Each section has working code you can adapt. Run through all four and you will stop relying on the model to behave and start enforcing it.

Why Prompt-Based Agents Drift

Prompt-based agents drift because the prompt is a suggestion, and the model is free to ignore it the moment it gets confident or hyper-focused.

You can write “always run the tests before finishing” ten different ways and still watch the agent skip the step.

The problem gets worse on smaller local models. A frontier model can usually self-determine when to stop researching and start writing. A 30B-class local model like Qwen3-30B lacks the thinking scope to redirect itself, so it gets hyper-focused and single-minded, repeating the same tool call or barreling past a failed check.

What I have come to believe is that this is not a prompt-quality problem. It is a control-flow problem. If the decision to proceed lives inside the model’s reasoning, the decision is only as reliable as the model on its worst run.

The reasons agents fail in production almost always trace back to a decision that should have been structural sitting in the prompt instead.

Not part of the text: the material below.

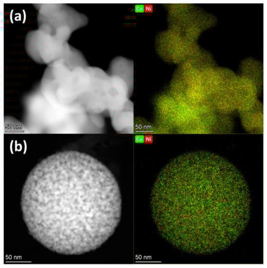 In the Co2Ni1_W8 sample, in addition to interlinked agglomerates with a branched morphology that are characteristic for the Co2Ni1_W0 sample (see Figure 5a), isolated spherical agglomerates of metal particles with a diameter of about 200 nm are also observed (see Figure 5b). According to the elemental mapping data, Co and Ni atoms are uniformly distributed over the volume of the agglomerates, and these samples have no phase separation into Co- and Ni-enriched regions. This means that, despite the presence of both the hcp and ccp phases in the Co2Ni1_W0 sample, these phases have the same elemental composition, indicating the formation of two solid solutions. It should also be noted that the elemental composition of the samples, according to EDX data, is close to the theoretical loads at the synthesis stage (Figure S2).
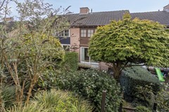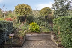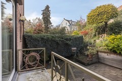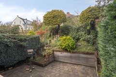 De groene achtertuin is een fijne plek om te ontspannen en is ingericht met een combinatie van bestrating en gevarieerde beplanting. Het natuurlijke hoogteverschil geeft de tuin een speels en uniek karakter. Aan de voorzijde geniet u op het zonnige balkon van een vrij uitzicht over de omgeving.

Move the Control Flow Out of the Prompt

Determinism starts when the code, not the model, owns the sequence of steps, the branching, and the error handling. The model becomes one modular step inside a flow it does not orchestrate.

The way I think about it now is a role swap. In a prompt-driven agent, the model is the manager deciding what happens next. In a deterministic agent, the model is a worker that gets handed one well-scoped task, returns a result, and the surrounding code decides what happens next.

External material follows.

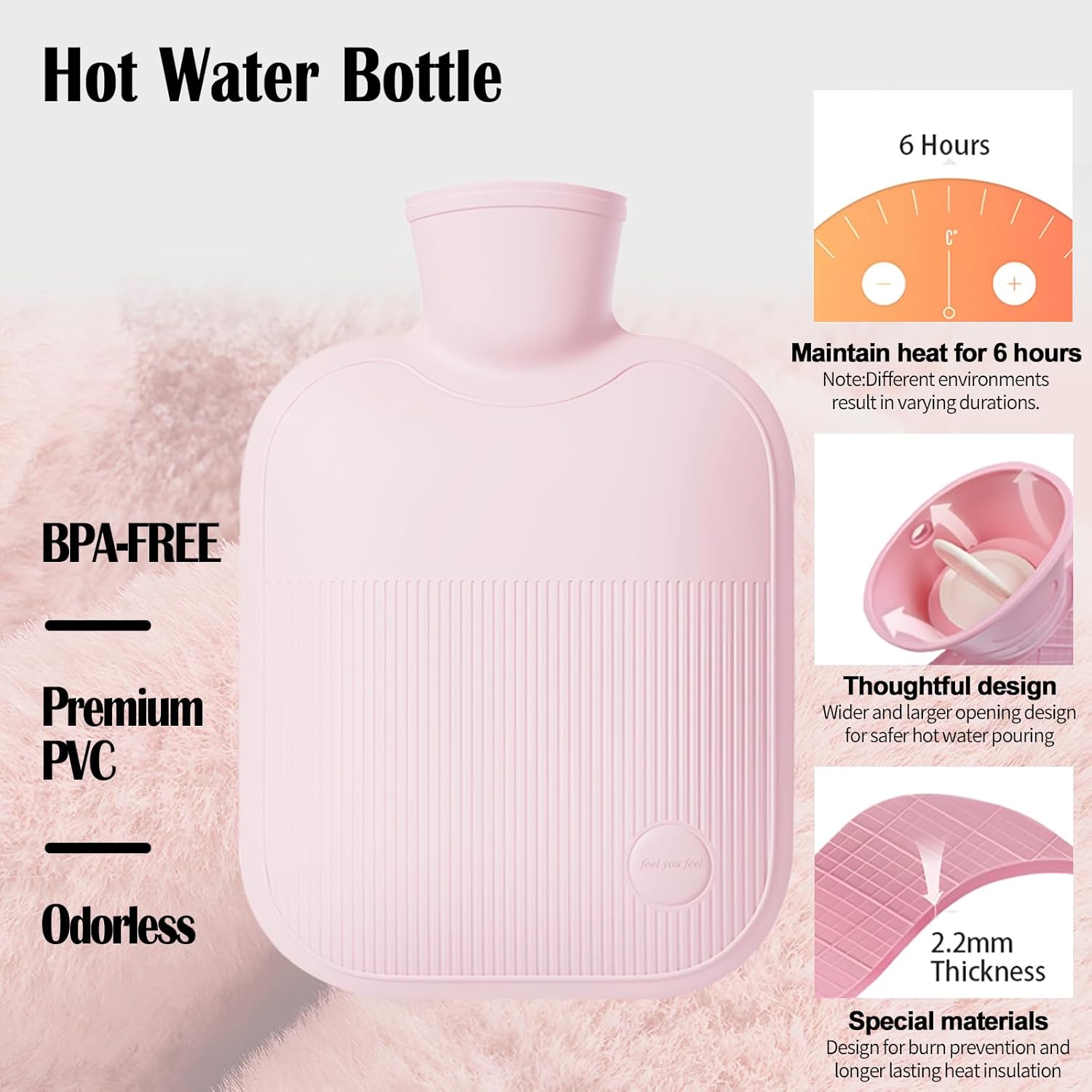 [SOFT AND KEEP WARM] Hot water bottle with soft fleece cover offers comforting warmth for cold hands and feet. soft fleece cover is removable.

A graph framework like LangGraph makes this concrete: nodes are steps, edges are the allowed transitions, and the model runs inside a node rather than choosing the edges.

If you would rather not write graph code, a low-code platform like Make.com can enforce some of the same routing through its scenario logic, though you trade fine control for speed of setup. Either way, the principle holds: the path is defined in the system, not improvised by the model.

This is the same lesson behind making an agent reliable. Structure is cheaper than retries.

Build the Structural Critic Gate

A structural critic gate is a conditional edge that inspects an objective status field and routes accordingly, so the model cannot approve its own work. This is the single most important pattern in the whole setup.

Structural critic gate conditional edge routing

Here is the difference in practice, because I used to think a strong prompt did the same job.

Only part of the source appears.